Mapping the Erasure

Human geographer Hashem Abushama sheds his light on the significance of understanding the multiple Palestian geographies and how it is a map without guarantees. Proposing the practice of reading and practicing countermaps that refute linear and colonial practices of time, he explores the ways in which counter-mapping can bring into focus the contingent and differentiated nature of settler colonial dispossession and fragmentation, as well as the embodied, spatial practices and processes of Palestinian return and freedom.  

Starting at al ‘Arub refugee camp in the West Bank and moving between the territories Israel occupied in 1948 and in 1967 as well as the Palestinian refugee camps, we see a geography unfold which remains prone to rupture and transformation. Hashem Abushama adresses the significance of understanding the multiple Palestinian geographies and how it is a map without guarantees: where there is neither a guarantee that settler colonialism’s intent to eliminate the Palestinians will succeed, nor a guarantee that Palestinians will take up a particular form of resistance. This already constitutes a socio-spatial practice that pays attention to rehearsals of Palestinian return in a context of genocidal violence and dispossession.  
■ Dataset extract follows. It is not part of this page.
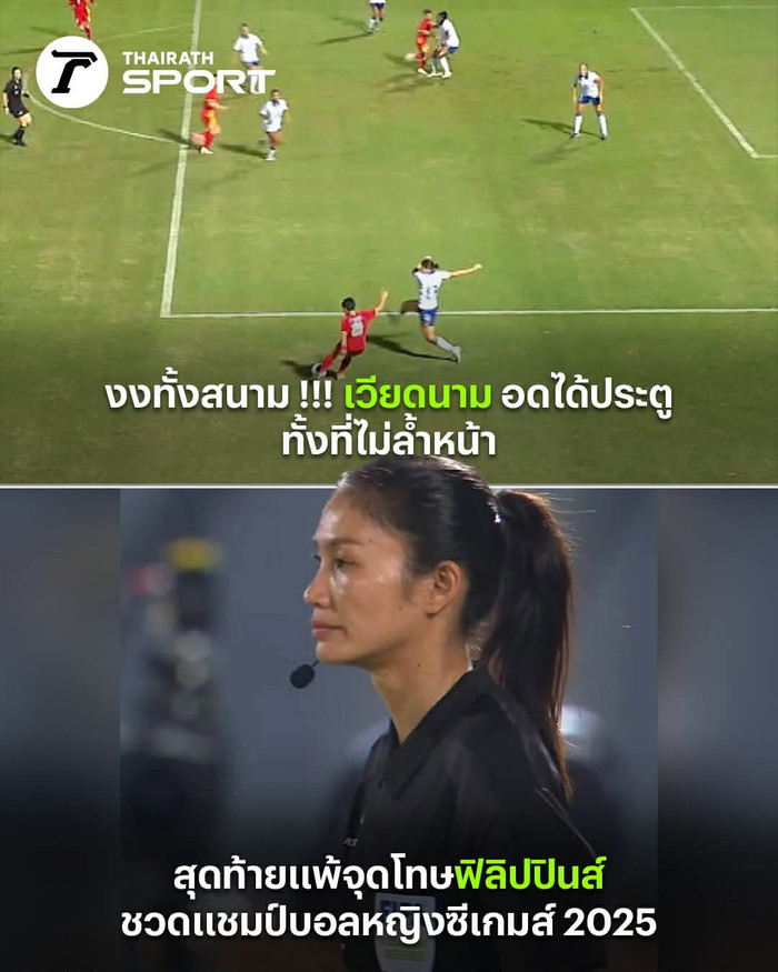 Theo tờ Thairath, tuyển nữ Việt Nam đã bị trợ lý trọng tài bắt sai trong tình huống ghi bàn ở phút 30, nhưng một số người hâm mộ lại hiểu lầm về trọng tài Lào thành… trọng tài Thái Lan.

But aren’t the production and erasure of maps part of the very same systems of power and exploitation? Why do alternative maps or counter maps matter? After his talk, Hashem Abushama will be joined in conversation by Annelys de Vet, Chiara de Cesari and Eleri Connick to discuss these questions and practices of resistance.  

About the speakers  

Hashem Abushama is an Associate Professor in Human Geography at the University of Oxford. He holds a DPhil in Human Geography and an MSc in Refugee and Forced Migration Studies from the University of Oxford, and a BA in Peace and Global Studies from Earlham College in the United States. He is also a EUME Fellow at the Forum Transregionale Studien in Berlin as well as a Senior Fellow at the Institute for Palestine Studies. He has authored several academic and journalistic articles on dispossession, arts, urbanization, the archives, and postcolonial Marxism. 
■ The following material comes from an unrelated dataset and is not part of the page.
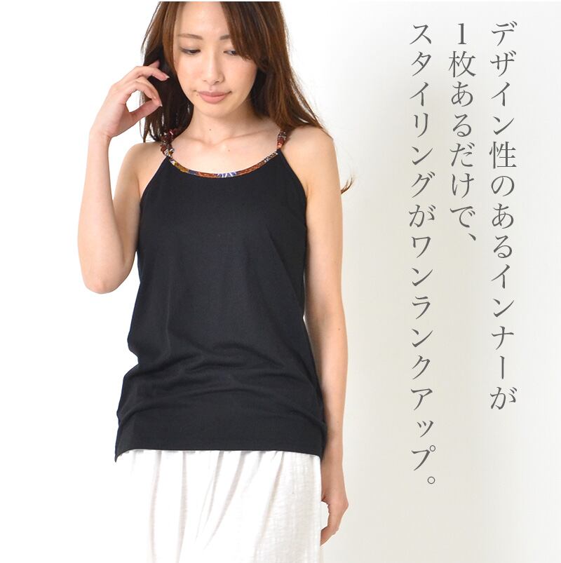 キャミソール F レディース トップス インナー 肩ヒモシャーリング 綿混 無地 大人カジュアル おうちコーデ

Annelys de Vet is a designer, researcher, and educator with a practice for long-term, participatory design projects that engage with social and political struggles. She is the founder of Subjective Editions, a publishing initiative that maps regions from the inside out through the perspectives of their inhabitants. She has also co-founded Disarming Design from Palestine, a platform for thought-provoking design that develops artisanal products from Palestine to convey alternative narratives about life under occupation. De Vet recently completed her PhD Disarming Desing, Politics of Participatory Practices at ARIA (Antwerp Research Institute for the Arts). Currently she teaches at Sint Lucas School of Arts in Antwerp at the Socio-Political masters context.  
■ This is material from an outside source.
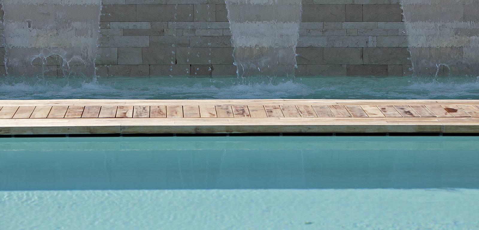 Le finiture di questo bordo possono essere realizzate in materiali come gres, marmo, pietra e legno, e fissate al bordo sfioratore diventando al tempo stesso un tutt’uno con il rivestimento circostante, per un impatto visivo di grande prestigio.

Chiara De Cesari is Professor of Heritage, Memory and Cultural Studies, and Chair of Cultural Studies at the University of Amsterdam. Her wide-ranging research explores how forms of memory, heritage, art, and cultural politics are shifting under contemporary conditions of post- and decoloniality, globalization and state transformation. An important strand of her research examines how artists and activists are reclaiming and reinventing cultural institutions. She is the author of Heritage and the Cultural Struggle for Palestine (Stanford UP, 2019), and co-editor of two key volumes in memory studies (Transnational Memory, de Gruyter, 2014; European Memory in Populism, Routledge, 2019). 

Eleri Connick (moderator) is a doctoral candidate at the University of Amsterdam’s School for Heritage, Memory and Material Culture. She was the PhD Fellow at Darat al Funun (Amman) February 2023 – July 2023. Her doctoral project titled: “The Materiality of Exile in Jordan: The Palestinian House”, proposes a radical conceptualisation of home and all that it can provoke to ground her work both conceptually and methodologically. 

The image is borrowed from Annelys de Vet’s The Subjective Atlas of Palestine (2013).